Abdurrahim Karakoç, Türk edebiyatında derin izler bırakan şairlerimizden biri olarak öne çıkıyor. 7 Nisan 1932 tarihinde Kahramanmaraş'ın Ekinözü içesinde (Cela) köyünde dünyaya gelen Karakoç, Kahramanmaraşlıdır ve memleketine olan bağlılığı ile tanınır. Karakoç’un ailesinde şiire olan yatkınlık dikkat çekicidir. Dedesi, babası ve kardeşleri de şairdir, bu nedenle Karakoç’un küçük yaşlarda şiir yazmaya başlaması aileden gelen bir miras olarak kabul ediliyor. Abdurrahim Karakoç, köklü bir edebiyat ve kültür geçmişine sahip olan Kahramanmaraş’ın Ekinözü ilçesinden çıkmış, eserleri ve fikirleriyle Türkiye’nin dört bir yanına ulaşmayı başarmış bir şairdir. Kahramanmaraşlı Abdurrahim Karakoç, Türk şiirinin unutulmaz isimleri arasında yerini almıştır.
GÜÇLÜ BİR EDEBİYAT MİRASI BIRAKTI
Şairin ilk yazdığı şiirlerini beğenmeyip yakması ve 1958 yılından itibaren “Hasan’a Mektuplar” adlı eseriyle edebiyat dünyasında tanınmaya başlaması, onun titiz bir sanat anlayışını yansıtıyor. 1964 yılında basılan ve kısa sürede tükenen bu eser, Karakoç’un edebiyat dünyasında önemli bir yer edinmesini sağlıyor.

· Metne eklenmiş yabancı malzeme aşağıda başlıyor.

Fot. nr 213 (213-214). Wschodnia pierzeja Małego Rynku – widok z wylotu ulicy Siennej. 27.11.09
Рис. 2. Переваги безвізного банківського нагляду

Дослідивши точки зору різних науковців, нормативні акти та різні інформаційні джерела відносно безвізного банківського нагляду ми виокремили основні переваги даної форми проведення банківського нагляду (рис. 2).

Karakoç, sadece edebiyatla değil, aynı zamanda kamu hizmeti ve gazetecilikle de ilgilendi. 1958 yılında belediye mesul muhasibi olarak göreve başlayan şair, 1981 yılında emekli oldu. 1985 yılından sonra gazeteciliğe yönelen Abdurrahim Karakoç, hayatının bir döneminde siyasete de atıldı, ancak kısa bir süre sonra bu alandan ayrıldı. Politikadan ayrılma sebebini ise şu sözlerle ifade ediyor “Allah rızası için girmiştim, Allah rızası için ayrıldım.” 7 Haziran 2012 tarihinde vefat eden Abdurrahim Karakoç, ardında unutulmaz eserler ve güçlü bir edebiyat mirası bıraktı.

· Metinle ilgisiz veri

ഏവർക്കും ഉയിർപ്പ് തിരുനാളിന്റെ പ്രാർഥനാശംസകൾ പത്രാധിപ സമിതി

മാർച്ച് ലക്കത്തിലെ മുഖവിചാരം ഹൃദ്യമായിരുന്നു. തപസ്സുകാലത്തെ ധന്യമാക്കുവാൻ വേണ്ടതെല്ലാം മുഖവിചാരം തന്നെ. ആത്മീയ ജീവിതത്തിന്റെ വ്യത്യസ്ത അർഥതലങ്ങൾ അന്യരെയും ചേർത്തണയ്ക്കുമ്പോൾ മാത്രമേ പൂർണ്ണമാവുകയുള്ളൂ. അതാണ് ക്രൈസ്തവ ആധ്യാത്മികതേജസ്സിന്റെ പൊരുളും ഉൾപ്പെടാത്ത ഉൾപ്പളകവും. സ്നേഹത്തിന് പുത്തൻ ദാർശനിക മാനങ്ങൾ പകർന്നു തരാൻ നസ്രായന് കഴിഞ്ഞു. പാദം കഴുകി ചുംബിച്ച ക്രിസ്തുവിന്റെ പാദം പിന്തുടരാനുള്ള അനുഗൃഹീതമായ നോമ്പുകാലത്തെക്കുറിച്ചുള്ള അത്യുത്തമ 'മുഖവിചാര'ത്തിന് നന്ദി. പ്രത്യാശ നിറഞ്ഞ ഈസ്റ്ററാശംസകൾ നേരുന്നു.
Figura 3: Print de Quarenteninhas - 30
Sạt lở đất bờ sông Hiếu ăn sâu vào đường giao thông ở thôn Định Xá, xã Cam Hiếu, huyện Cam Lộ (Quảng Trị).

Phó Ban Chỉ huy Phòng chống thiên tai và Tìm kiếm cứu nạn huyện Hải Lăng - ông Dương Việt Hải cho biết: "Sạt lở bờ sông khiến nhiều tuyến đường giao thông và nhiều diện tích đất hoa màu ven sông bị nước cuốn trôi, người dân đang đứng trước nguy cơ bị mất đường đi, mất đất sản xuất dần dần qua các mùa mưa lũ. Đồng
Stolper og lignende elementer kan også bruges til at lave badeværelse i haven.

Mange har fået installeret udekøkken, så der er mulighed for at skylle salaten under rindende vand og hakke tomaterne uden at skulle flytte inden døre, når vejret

KAHRAMANMARAŞLI ŞAİRİN TÜRK EDEBİYATINDAKİ YERİ
Karakoç’un şiirleri, toplumsal eleştiriler ve dini duygularla harmanlanmış bir yapıya sahip olurken, onun şiirlerine malzeme sağlayan unsurlar arasında politikacılar, bilim insanları, sosyete ve sermaye çevreleri gibi pek çok toplumsal figür yer alıyor. Şiirleri, halkın sesi olmayı başarmış ve geniş kitlelerce benimseniyor.